In conclusion, we have found that genetic analysis of PCR-amplified HIV-1 gp41 sequences provides a powerful approach for identifying groups M, N, and O viruses. Furthermore, group M viruses can be phylogenetically classified into at least seven subtypes, the same that have been previously established by C2-V3 sequences.
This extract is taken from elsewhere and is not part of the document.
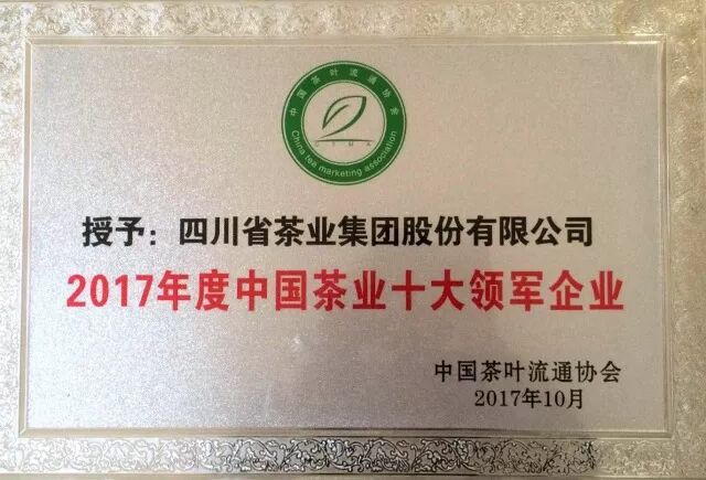 在第十三届中国茶业经济年会上,中国茶叶流通协会公布了2017年中国茶叶行业调查结果,川茶集团荣获2017年度“中国茶业十大领军企业”和2017年度“中国茶叶行业综合实力百强企业”荣誉称号,这是川茶集团连续两年获此两项殊荣。

Detection of HIV-1 groups M, N, and group O infections with a very high efficiency is feasible by using only one set of primers for all known HIV-1 strains worldwide. Thus, using gp41 region for phylogenetic analysis of HIV-1 strains worldwide provides an alternate and effective tool for determination of distinct HIV-1 variants. In addition, the gp41M/O primer set may have a broad spectrum of future applications, ranging from quantitative measurement of viral load for clinical management of infected patients to utilization as a diagnostic tool for early detection of HIV-1 infection in blood donors. Moreover, the gp41 region has multiple functions ranging from membrane fusion, endocytosis signals, and calmodulin-binding that potentially affect critical cellular signal transduction pathways [12]. These functions along with structural elements that interact with the assembling capsid precursors suggest that this region might play an important role in both virus replication and pathogenesis in vivo [12]. Thus, the gp41 protein sequences generated worldwide would provide useful information related to immune response, as well as the information related to T20/DP178 epitope which has recently been used in therapeutic trial to block HIV entry [13]. Finally, the gp41 sequences generated would provide valuable information regarding the diversity and its diagnostic implication within the distinct domains of this HIV-1 multi-functional protein.


1. Hu, D.J., Dondero, T.J., Mastro, T.D., and Gayle, H.D. Global and molecular epidemiology of HIV. Pp. 27-40 In: AIDS and other manifestations of HIV infection.Ed. Wormser, GP. Lipponcott-Raven Publishers, 1998.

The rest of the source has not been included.